Pendant des années, Crimson Desert a cultivé le mystère. Présenté comme l’évolution naturelle de Black Desert, puis transformé en vaste action-RPG solo, le projet de Pearl Abyss s’est progressivement imposé comme l’un des jeux les plus ambitieux de sa génération. Une ambition qui saute aux yeux dès les premières minutes. Monde gigantesque, combats spectaculaires, mise en scène hollywoodienne, physique omniprésente : Crimson Desert veut tout faire, tout montrer, tout révolutionner. Le problème, c’est qu’à force de vouloir courir plusieurs lièvres à la fois, le titre finit parfois par trébucher sur ses propres ambitions. Je vous explique tout ça avec mon test, qui a pris un peu de temps je l’avoue… Mais je voulais vraiment avoir assez de recul pour vous parler du jeu !
Pearl Abyss joue gros
Difficile de parler de Crimson Desert sans évoquer le parcours de son créateur. Fondé en 2010 en Corée du Sud, Pearl Abyss est surtout connu pour Black Desert Online. Un MMORPG lancé en 2014 qui a rapidement bâti sa réputation grâce à son moteur graphique maison et à son système de combat particulièrement dynamique. Pendant plus d’une décennie, Black Desert a constitué la vitrine technologique du studio. Là où la plupart des MMORPG reposaient sur des systèmes de ciblage relativement statiques, Pearl Abyss misait déjà sur des affrontements rapides, des animations spectaculaires et une qualité visuelle largement supérieure à la moyenne du genre.

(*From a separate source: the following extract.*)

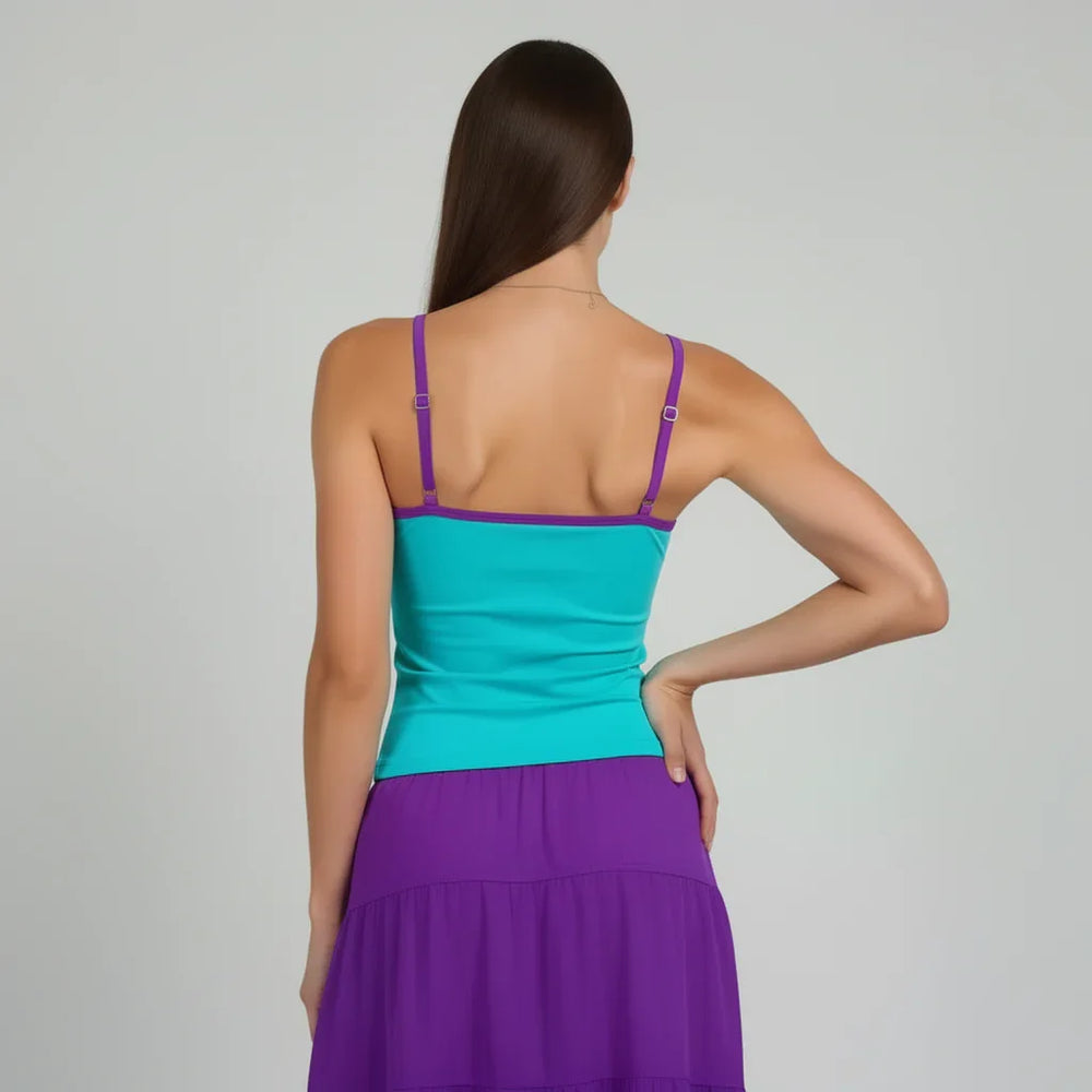 Dive into effortless chic with our Core Essentials Cami Tank Top in a captivating shade of Aqua Cyan, artfully framed by a vibrant Electric Violet trim. This isn't just a basic; it's the elevated foundation your wardrobe has been craving.

Le succès fut au rendez-vous. Des millions de joueurs ont parcouru les terres de Black Desert, permettant au studio de voir plus grand. Beaucoup plus grand. C’est dans ce contexte qu’est né Crimson Desert. Initialement présenté comme un MMORPG narratif servant de préquelle à Black Desert… Le projet a connu plusieurs métamorphoses avant de devenir ce qu’il est aujourd’hui : un immense action-RPG en monde ouvert centré sur le mercenaire Kliff et son groupe de compagnons.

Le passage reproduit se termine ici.